§ **Your objective**
Write the records out exactly as they read, but not the pictures.
>>>>
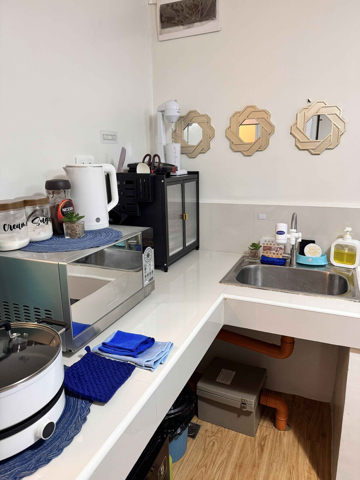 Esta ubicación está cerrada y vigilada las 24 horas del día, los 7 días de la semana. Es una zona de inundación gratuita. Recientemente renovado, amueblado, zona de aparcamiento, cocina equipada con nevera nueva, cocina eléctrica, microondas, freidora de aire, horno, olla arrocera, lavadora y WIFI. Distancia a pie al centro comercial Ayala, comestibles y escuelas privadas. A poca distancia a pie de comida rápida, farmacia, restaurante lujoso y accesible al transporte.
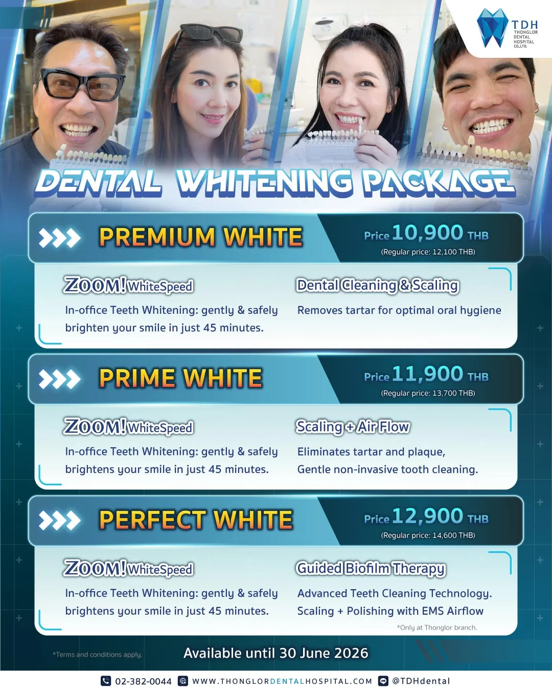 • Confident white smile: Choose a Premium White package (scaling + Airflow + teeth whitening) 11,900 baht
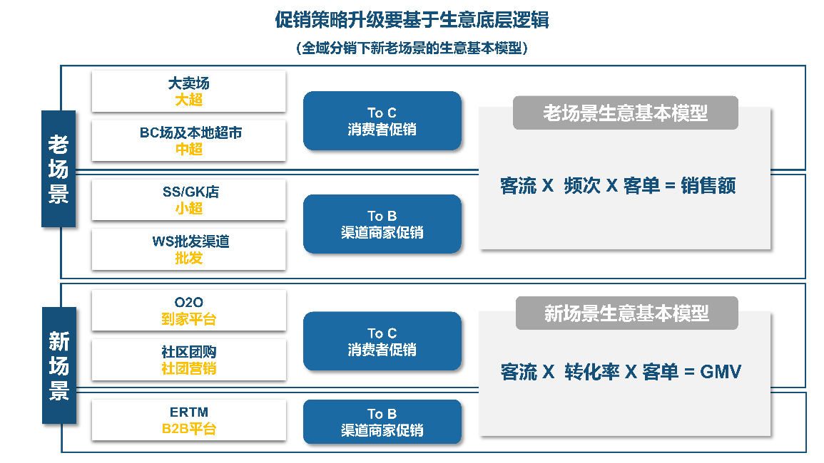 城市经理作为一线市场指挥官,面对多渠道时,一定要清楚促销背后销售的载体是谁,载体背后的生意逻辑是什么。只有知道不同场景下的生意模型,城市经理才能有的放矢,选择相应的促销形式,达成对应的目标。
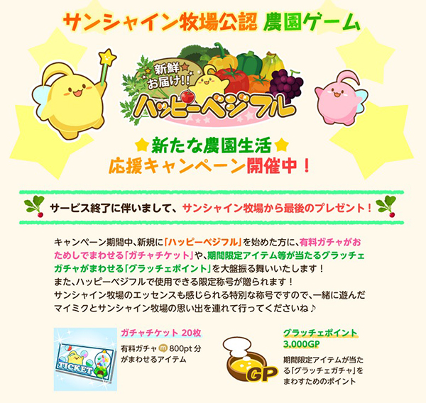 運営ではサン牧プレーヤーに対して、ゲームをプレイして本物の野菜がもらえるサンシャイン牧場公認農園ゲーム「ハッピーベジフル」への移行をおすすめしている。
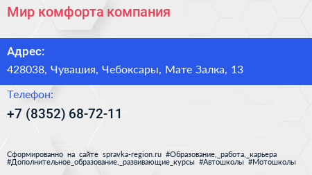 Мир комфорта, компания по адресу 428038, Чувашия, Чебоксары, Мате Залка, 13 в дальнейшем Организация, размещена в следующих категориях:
<<<<
§ **Task solution**
 Esta ubicación está cerrada y vigilada las 24 horas del día, los 7 días de la semana. Es una zona de inundación gratuita. Recientemente renovado, amueblado, zona de aparcamiento, cocina equipada con nevera nueva, cocina eléctrica, microondas, freidora de aire, horno, olla arrocera, lavadora y WIFI. Distancia a pie al centro comercial Ayala, comestibles y escuelas privadas. A poca distancia a pie de comida rápida, farmacia, restaurante lujoso y accesible al transporte.
 • Confident white smile: Choose a Premium White package (scaling + Airflow + teeth whitening) 11,900 baht
 城市经理作为一线市场指挥官,面对多渠道时,一定要清楚促销背后销售的载体是谁,载体背后的生意逻辑是什么。只有知道不同场景下的生意模型,城市经理才能有的放矢,选择相应的促销形式,达成对应的目标。
 運営ではサン牧プレーヤーに対して、ゲームをプレイして本物の野菜がもらえるサンシャイン牧場公認農園ゲーム「ハッピーベジフル」への移行をおすすめしている。
 Мир комфорта, компания по адресу 428038, Чувашия, Чебоксары, Мате Залка, 13 в дальнейшем Организация, размещена в следующих категориях:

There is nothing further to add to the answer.